→ Requirement
Print, exactly as they stand, the lines below from the one that has "A restored metal" to the one that has "Pakkauksessa on neljä", inclusive, leaving out the pictures.

→ Available records
= Beginning of Section =

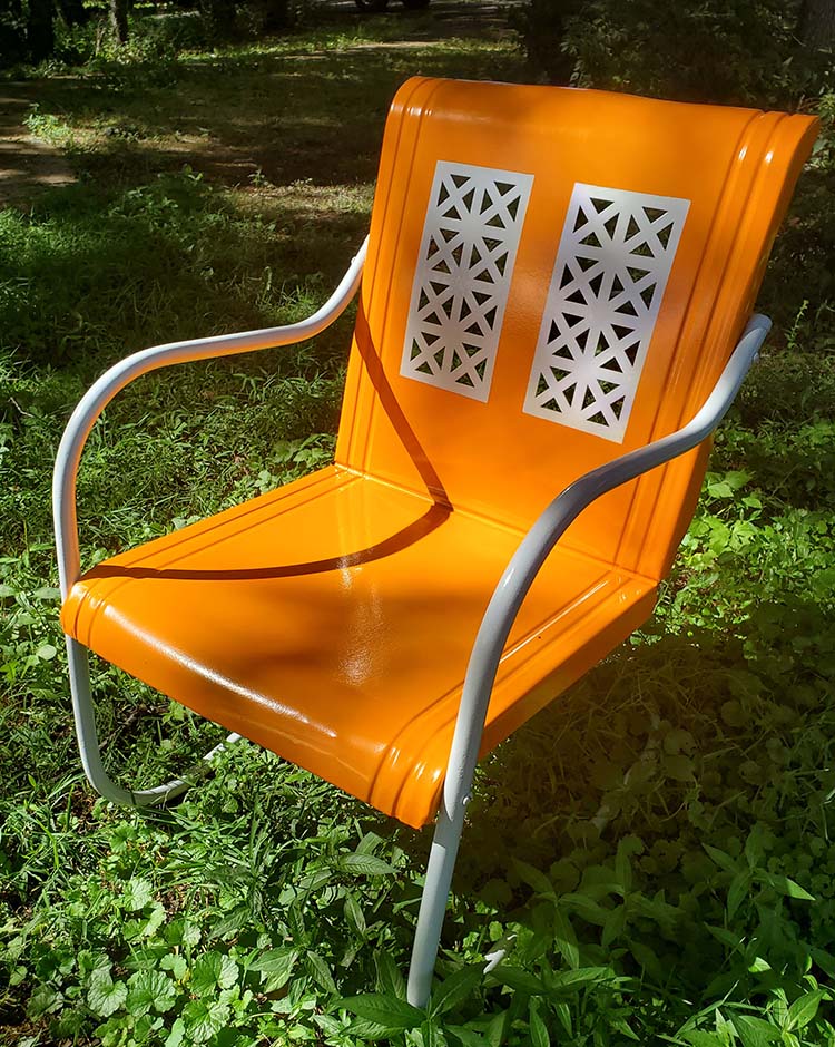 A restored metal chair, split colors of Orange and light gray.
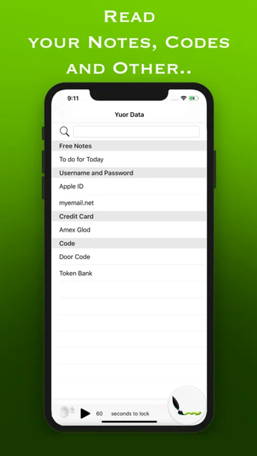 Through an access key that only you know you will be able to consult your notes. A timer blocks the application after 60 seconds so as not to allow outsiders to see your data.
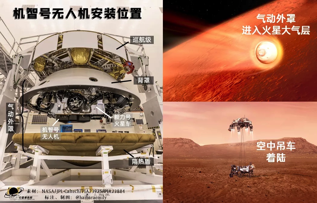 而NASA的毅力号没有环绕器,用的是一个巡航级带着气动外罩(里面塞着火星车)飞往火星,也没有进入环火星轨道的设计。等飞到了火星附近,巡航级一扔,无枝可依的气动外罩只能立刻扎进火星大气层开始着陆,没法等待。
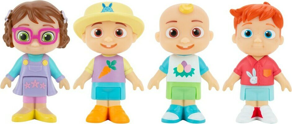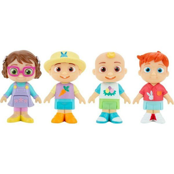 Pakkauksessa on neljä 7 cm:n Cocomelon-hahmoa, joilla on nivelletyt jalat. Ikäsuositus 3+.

= End of Section =
= Beginning of Section =

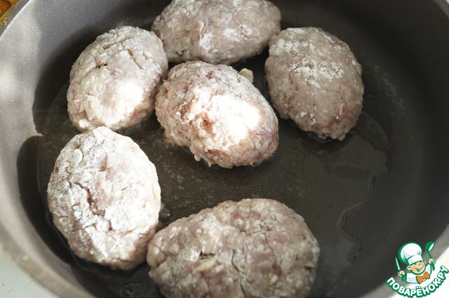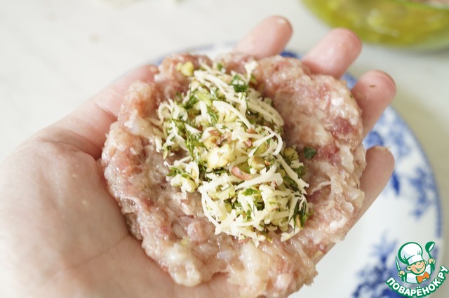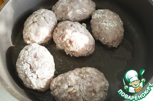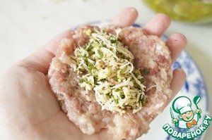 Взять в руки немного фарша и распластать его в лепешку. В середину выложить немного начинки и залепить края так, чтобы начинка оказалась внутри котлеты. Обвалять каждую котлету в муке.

= End of Section =

→ Written solution
 A restored metal chair, split colors of Orange and light gray.
 Through an access key that only you know you will be able to consult your notes. A timer blocks the application after 60 seconds so as not to allow outsiders to see your data.
 而NASA的毅力号没有环绕器,用的是一个巡航级带着气动外罩(里面塞着火星车)飞往火星,也没有进入环火星轨道的设计。等飞到了火星附近,巡航级一扔,无枝可依的气动外罩只能立刻扎进火星大气层开始着陆,没法等待。
 Pakkauksessa on neljä 7 cm:n Cocomelon-hahmoa, joilla on nivelletyt jalat. Ikäsuositus 3+.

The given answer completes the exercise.